George Samaras, better known as Plastic Flowers, is a Greek songwriter and academic at King's College London, who has released three full-length studio albums: Evergreen in 2014, Heavenly in 2016 and Absent Forever in 2017.

Career 
George started recording music on a TASCAM Multi-track and released a series of bedroom pop influenced EPs that have received praise for their lo-fi touch.

In 2014 his debut album Evergreen was released through Inner Ear Records, and Crash Symbols in Europe and the United States respectively. He later moved to London and recorded his second full-length album Heavenly in November 2015, and Absent Forever in 2017, both released via The Native Sound and distributed by Warner.

He became the first Greek act ever to perform at South by Southwest.
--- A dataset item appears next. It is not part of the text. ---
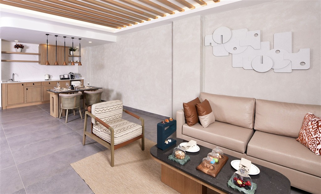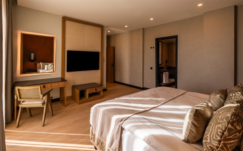 pohodlné a luxusné ubytovanie • moderne zariadené izby • klimatizácia • Wi-Fi • oddelená kúpeľňa a WC • šatník • sušič vlasov • telefón • TV • trezor • župan a papuče • žehlička a žehliaca doska • digitálna váha • balkón alebo terasa

He has also toured USA and Europe and performed live at the Royal Academy of Arts, Fun Fun Fun Fest, Stavros Niarchos Foundation Cultural Center, Athens Concert Hall and Thessaloniki Concert Hall, and shared the stage with Bonobo, A.R.Kane, Emancipator, Still Corners.

On his debut album Evergreen he collaborated with Keep Shelly in Athens and NY-based artist and painter Ed Askew, who also painted the album cover for Heavenly.

Theodoros Pangalos Sample 
In 2012, Plastic Flowers sampled Theodoros Pangalos' controversial ministerial statement "We [government and citizens] fooled away the money together" in Sinking Ship/Vanished Crew.

Academia 
As an undergraduate studying German at Aristotle University of Thessaloniki between 2009 and 2014, Samaras read modern and contemporary literature. He later completed a master's degree in Education Policy, and a PhD at King's College London, where he investigated the rise of Golden Dawn in Greece during the fiscal crisis. He regularly contributes to Greek newspapers Kathimerini and Efimerida ton Syntakton. Since 2022, he works as Lecturer at King's College London.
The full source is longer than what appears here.